Current conduction and resistive switching characteristics of Sm2O3 and Lu2O3 thin films for low-power flexible memory applications

Abstract

In this article, the current conduction and resistive switching (RS) behavior in flexible Sm2O3 and Lu2O3 resistive random access memories (ReRAM) are investigated. Amorphous Sm2O3 and Lu2O3 thin films were deposited at room temperature by radio-frequency magnetron sputtering on flexible polyethylene terephthalate substrate. The structural morphologies of the Sm2O3 and Lu2O3 thin films strongly depend on the lattice energy of the oxides. The dominant current conduction mechanism in the oxide layer changes from electrode control Schottky emission in Sm2O3 to bulk controlled space-charge-limited-current in Lu2O3. The barrier height extracted from Schottky emission model is 0.96 eV in Sm2O3 thin film, while the activation energy of traps calculated from the Arrhenius plots is about 0.23 eV in Lu2O3 thin film.
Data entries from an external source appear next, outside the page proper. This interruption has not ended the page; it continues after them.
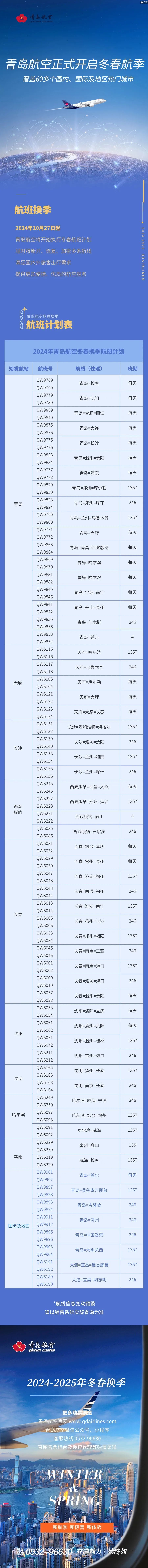 青岛航空2024冬春航季即将开启
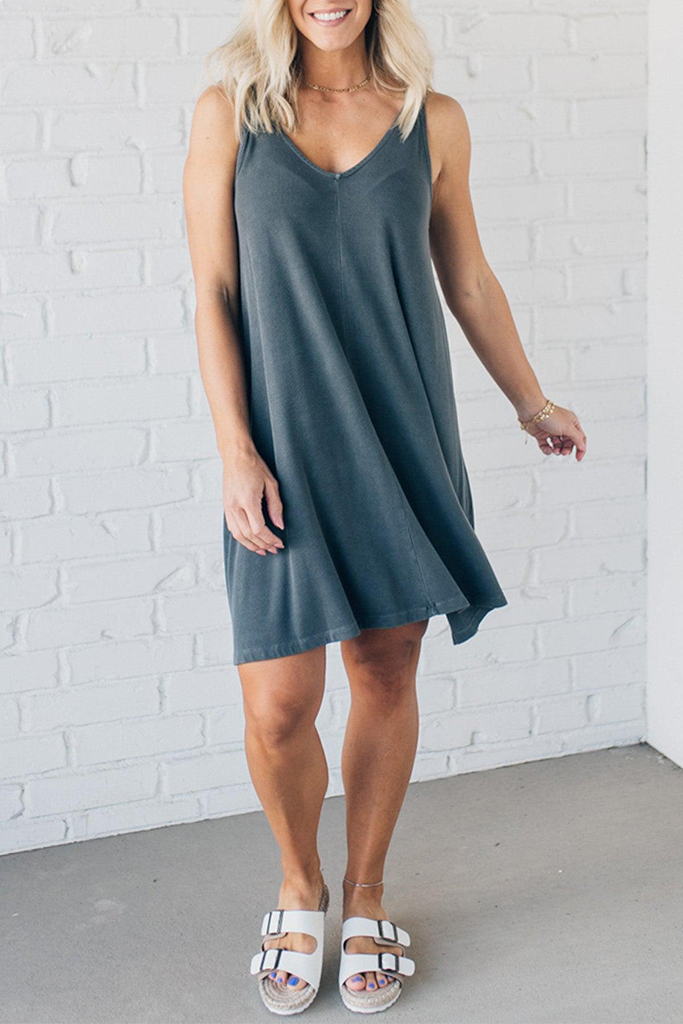 Look fantastic in this super soft Ribbed Shift Dress! Its mineral wash and slim ribbed texture caress your curves, while the flattering deep V-neck and knee-length skirt will make those legs look legendary! Comfort never looked so good!
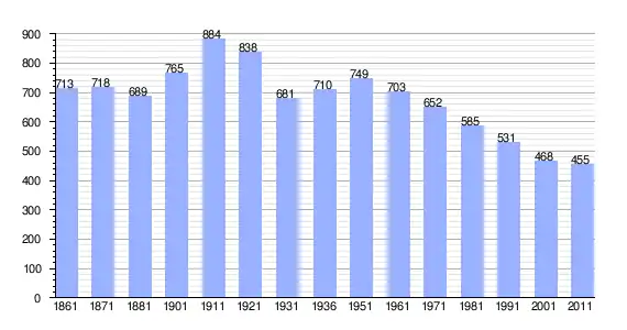 | Variação demográfica do município entre 1861 e 2011[3] |
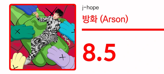 해당 곡의 자세한 리뷰는 정라리 특집 기사 '불꽃과 재의 노래: 제이홉 <방화>' 를 참조해 주시기 바랍니다.
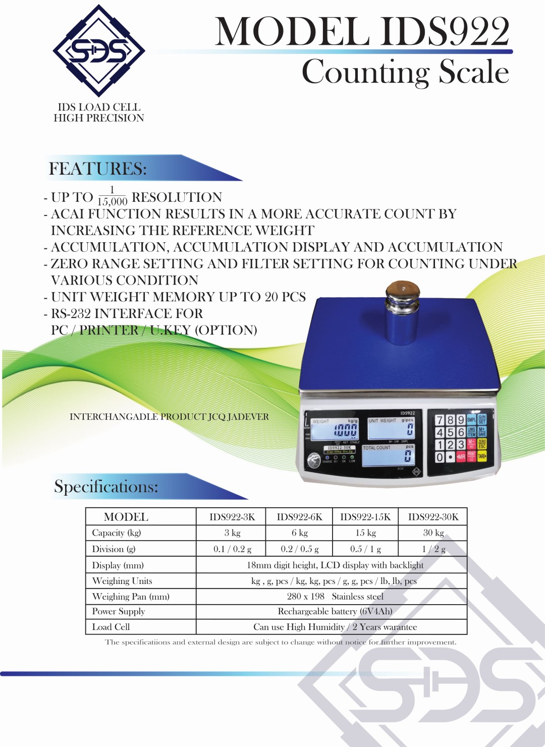 IDS811 Series Counting Scales / เครื่องชั่งนับจำนวน Brand : SDS (MADE IN TAIWAN) Code : IDS811-1.5K, IDS811-3K, IDS811-6K, IDS811-15K, IDS811-30K Model Capacity Pan Size ...

Additionally, the Ni/Sm2O3/ITO flexible memory device shows promising RS behavior with very low power of operation (∼30 μW) and small distribution of switching parameters. The memory reliability characteristics of switching endurance, data retention, good flexibility, and mechanical endurance show promising for future memory applications. The filament conduction model is adopted to describe the RS behavior in the Sm2O3 and Lu2O3 ReRAM devices. The improved RS performance in Sm2O3 thin film is attributed to the different physical properties of the thin films.